In both cases, first, create an account on Digital Ocean. You should get $10 promotional credit that currently corresponds to free 3.5 days of 8GB machine running expense.
For beginners - create a virtual machine manually
- Log into your Digital Ocean account. Click on "Create Droplet" button. Choose any droplet hostname and select its size - 8GB memory, 4 CPU, $0.119/hour.
Scroll down to "Select image", click on 'Applications' tab and select Docker. Click on "Create Droplet" button. Droplet now starts in 1-2 minutes. You should receive an email with a password.
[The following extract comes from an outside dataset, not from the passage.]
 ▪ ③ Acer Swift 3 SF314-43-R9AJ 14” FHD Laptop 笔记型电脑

- Note down your droplet's IP.ADDRESS. SSH into your droplet (
ssh root@IP.ADDRESS) and pull docker images
docker pull rocker/hadleyverse docker pull churchill/doqtl docker pull churchill/asesuite docker pull ipython/scipystack docker pull churchill/webapp
- Next, download the required datasets (~30 minutes)
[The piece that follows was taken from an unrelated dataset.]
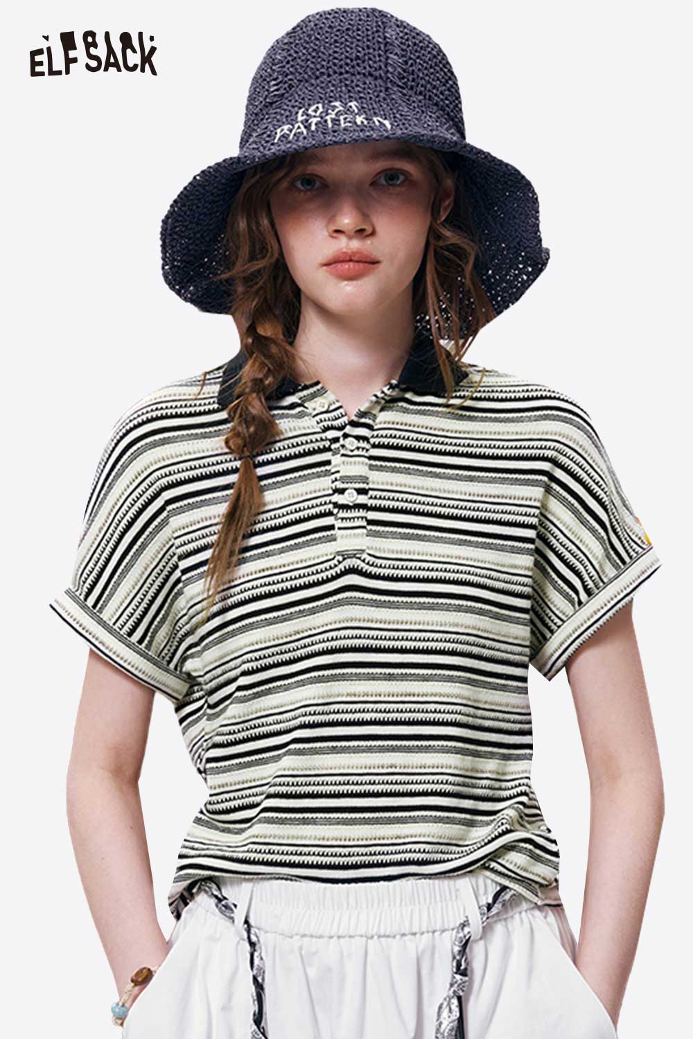 Camiseta de Manga Corta Rayada con Estampado Retro

wget https://raw.githubusercontent.com/churchill-lab/sysgen2015/master/scripts/download_data_from_ftp.sh /bin/bash download_data_from_ftp.sh rm download_data_from_ftp.sh
- Finally, run docker containers.
docker run -d -v /data:/data -p 8787:8787 -e USER=rstudio -e PASSWORD=sysgen churchill/doqtl docker run -dt -v /data:/data -p 43210:43210 -p 43211:43211 churchill/asesuite docker run -dt -v /data:/data -p 8888:8888 -p 8889:8889 churchill/webapp /usr/bin/start-app.sh
For advanced users - create a virtual machine with R/analogsea package
- Install R/analogsea package to your computer
- Create Digital Ocean API key and copy it to the second line of a script below
- Run the script
Access your virtual machine in the web browser
In your browser you can now access RStudio at http://IP.ADDRESS:8787 (user: rstudio, password: sysgen) and the terminal at http://IP.ADDRESS:43210 (user: root, password: sysgen). The eQTL and pQTL viewers are running at http://IP.ADDRESS:8888 and http://IP.ADDRESS:8889, respectively.
You are paying for your Digital Ocean machine as long as it is running. Do not forget to destroy it when you are done!